The alternative is to use an approximate k-nearest neighbor (kNN) algorithm to find correspondences, which is based on the fast third-party library FLANN. A FLANN match is performed with the following code snippet, where we use kNN with k=2:

def _match_features(self, desc_frame):
    matches = self.flann.knnMatch(self.desc_train, desc_frame, k=2)

The result of flann.knnMatch is a list of correspondences between two sets of descriptors, both contained in the matches variable. These are the train set, because it corresponds to the pattern image of our object of interest, and the query set, because it corresponds to the image in which we are searching for our object of interest.

The more the correct matches found (which means that more pattern-to-image correspondences exist), the more the chances that the pattern is present in the image. However, some matches might be false positives.
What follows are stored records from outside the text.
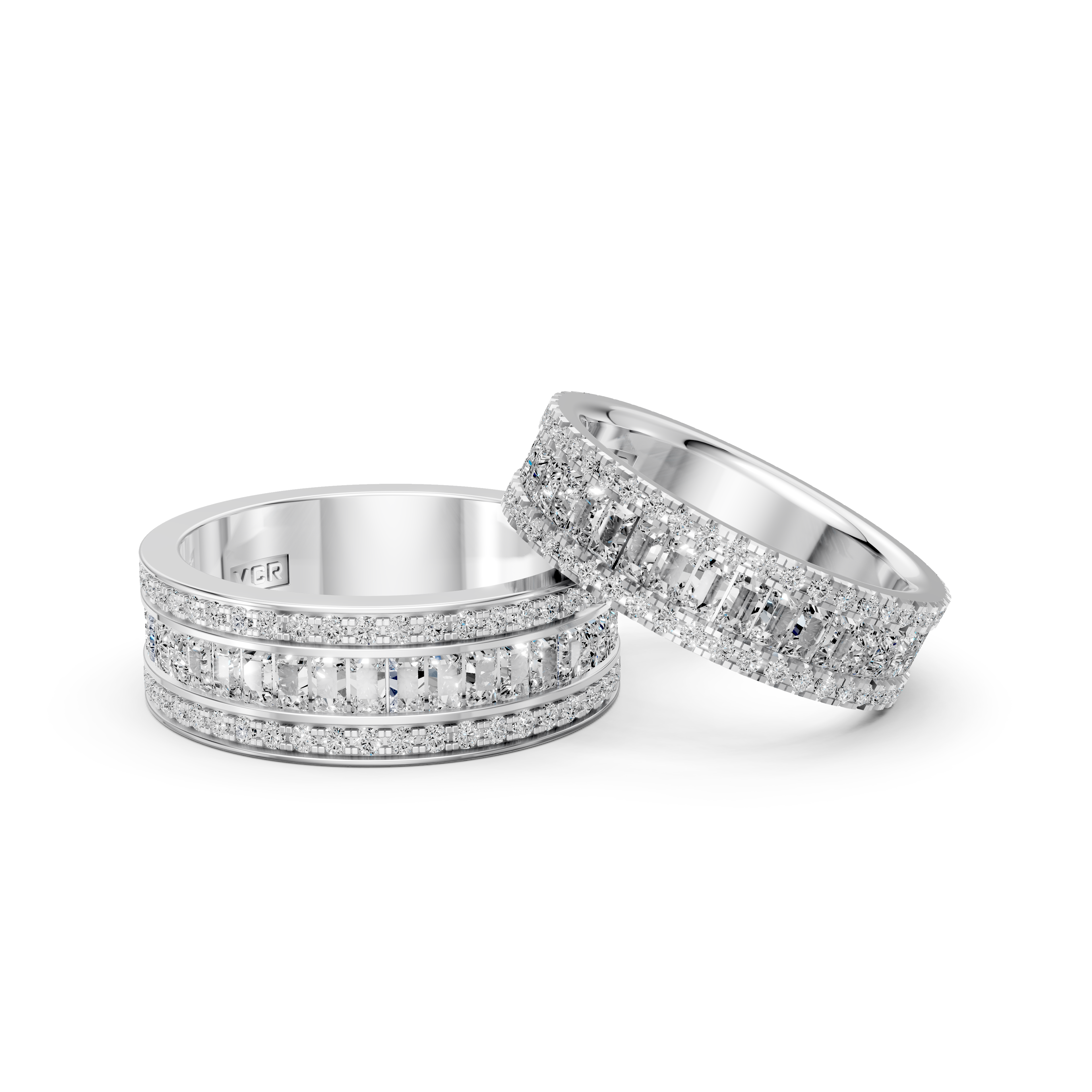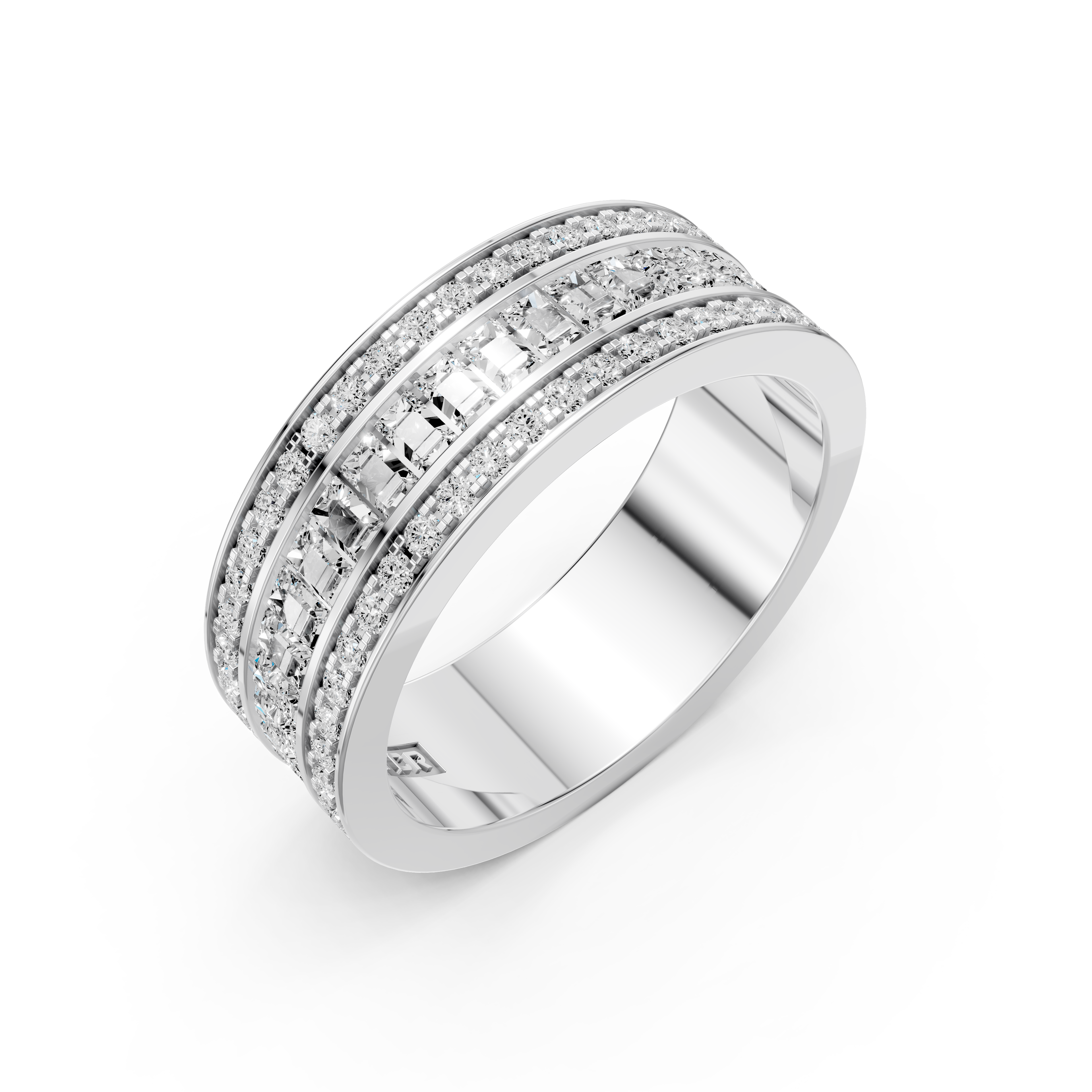Mặt nhẫn được đính kết 3 dải kim cương lấp lánh, mỗi dải kim cương đều được sắp xếp một cách tỉ mỉ và tinh tế. Dải kim cương Baguette nằm ở vị trí trung tâm, tạo điểm nhấn nổi bật, được bao quanh bởi hai dải kim cương Round sắc nét, tạo nên sự cân đối hoàn hảo. Chất liệu vàng trắng 18K làm tăng thêm vẻ đẹp sang trọng và bền vững cho chiếc nhẫn, đồng thời tôn lên ánh sáng lấp lánh của những viên kim cương.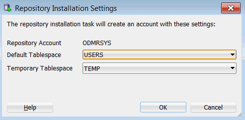 A. ODMRSYSという名前のレポジトリアカウントのデフォルト表領域と一時表領域を選択します。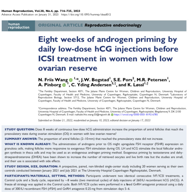 Прайминг низкими дозами ХГЧ у женщин с с бедным ответом на овариальную стимуляцию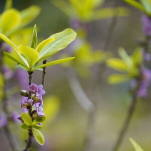 Deze struik bloeit met lichtpaarse bloempjes direct op het hout. Van februari tot april, dus dat hebben we net gemist. Later kleuren zijn bessen knalrood, maar nu zijn ze nog onopvallend groen. Het spannendste aan het rood peperboompje is eigenlijk het verhaal. Aan welke voorwaarden moet een terrein voldoen alvorens het peperboompje zich er vestigt? En wat is nodig voor zijn verjonging? Guido maakt deel uit van een heel team dat daar onderzoek naar doet. Het lijkt erop dat de struik alleen maar groeit op een hele specifieke overgang (gradiënt) van zuur naar kalkrijk. Daarbij moet hij voldoende licht hebben maar verdraagt hij geen al te sterke zoninstraling. Ook moet de bodem vochtig zijn en wat leem helpt daarbij.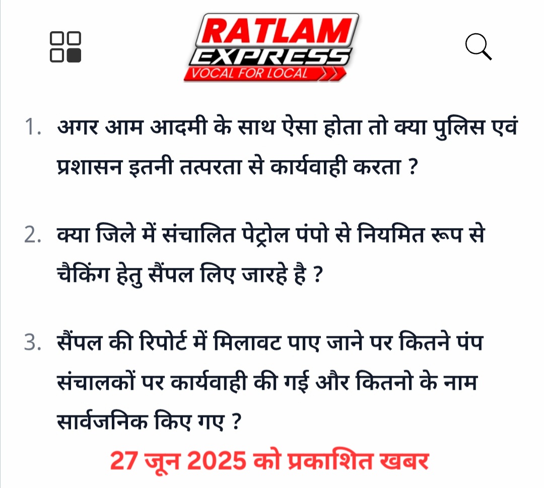 रतलाम एक्सप्रेस ने खबर में उठाया था नियमित जांच का मुद्दा : पेट्रोल पंपो पर गुणवत्ता जांचने हेतु शुरू हुआ निरीक्षण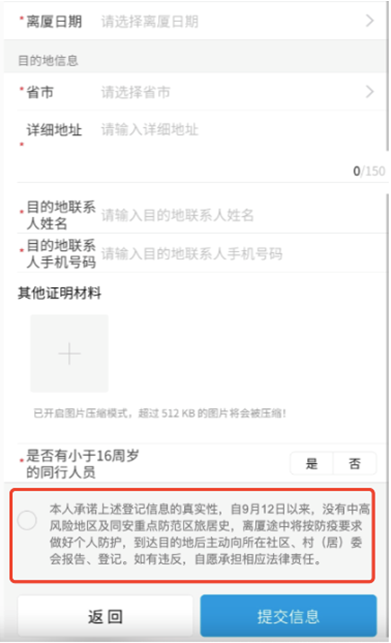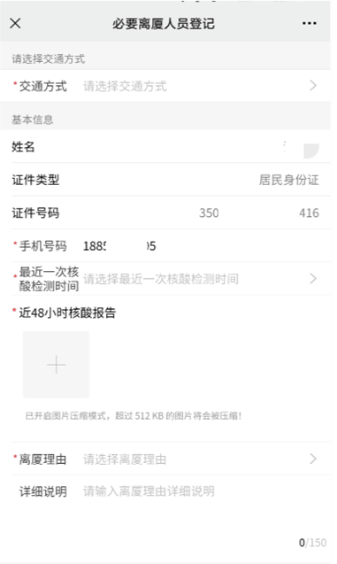 2-1、通過(guò)火車、飛機(jī)、自駕等方式必要離廈人員,如實(shí)填寫(xiě)相關(guān)信息,簽訂必要離廈人員承諾書(shū)。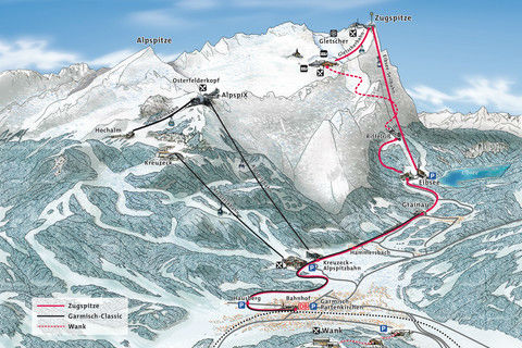 "بيته آين شتايغن".. عندما تسمعون هذه العبارة باللغة الألمانية والتي تعني "الرجاء الصعود"، تكونون على وشك بدء رحلة مثيرة بواسطة قطار "تسان راد بان" الذي يتوجه براحة ومباشرة من "غارميش بارتنكيرشن"، "غرايناو" أو من بحيرة "أيب زيه" إلى الأنهار الجليدية. عندما تصلون هناك، تكتشفون على الطريق الجليدي المثير حتى في فصل الصيف، الثلج الأبدي فوق جبل "تسوغ شبيتسه". في فصل الشتاء وأيضاً في الصيف يضمن لكم الثلج الجليدي متعة التزحلق، كما يمكنكم كذلك القيام بجولات استكشافية وتقوية أنفسكم من جديد في مطعم التزحلق "زون ألبين" وفي "غليتشر غارتن". بعد ذلك بدقائق قليلة تستمر الرحلة بقطار التزحلق "غليتشر بان" مباشرة إلى القمة على ارتفاع حوالي 2962 متراً. وستحظون بفرصة الاستمتاع بمنظر بانورامي فريد بزاوية 360 درجة مع إطلالة على 400 قمة في النمسا، إيطاليا، سويسرا وألمانيا. يمكنكم أيضاً النظر بعيداً إلى خاصرة جبال الألب، فمن خلال مناظير توجيه وتلسكوبات سيكون بإمكانك معايشة البانوراما عن قرب وأنتم على شرفة القمة. في "غبفل ألم" و"بانوراما لاونج" يمكن لكم الاسترخاء في جو جبلي هادئ.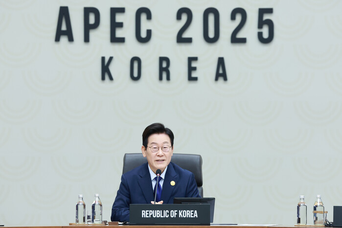 | ▲ 이재명 대통령이 31일 경주화백컨벤션센터(HICO)에서 열린 2025 아시아태평양경제협력체(APEC) 정상회의 제1세션에서 발언하고 있다. 2025.10.31 (사진=연합뉴스) |

A well-known technique for removing outliers is called the ratio test. Since we performed kNN-matching with k=2, the two nearest descriptors are returned for each match. The first match is the closest neighbor and the second match is the second closest neighbor. Intuitively, a correct match will have a much closer first neighbor than its second closest neighbor. On the other hand, the two closest neighbors will be at a similar distance from an incorrect match. Therefore, we can find out how good a match is by looking at the difference between the distances. The ratio test says that the match is good only if the distance ratio between the first match and the second match is smaller than a given number (usually around 0.5); in our case, this number chosen to be 0.7. To remove all matches that do not satisfy this requirement, we filter the list of matches and store the good matches in the good_matches variable:

# discard bad matches, ratio test as per Lowe's paper
good_matches = filter(lambda x: x[0].distance<0.7*x[1].distance,matches)

Then we pass the matches we found to FeatureMatching.match so that they can be processed further:

return good_matches

In newer versions of OpenCV, we can easily draw matches using cv2.drawMatches or cv3.drawMatchesKnn.

In older versions of OpenCV, we may need to write our own function. The goal is to draw both the object of interest and the current video frame (in which we expect the object to be embedded) next to each other:

def draw_good_matches(img1, kp1, img2, kp2, matches):
    # Create a new output image that concatenates the
    # two images together (a.k.a) a montage
    rows1, cols1 = img1.shape[:2]
    rows2, cols2 = img2.shape[:2]
    out = np.zeros((max([rows1, rows2]), cols1+cols2, 3), dtype='uint8')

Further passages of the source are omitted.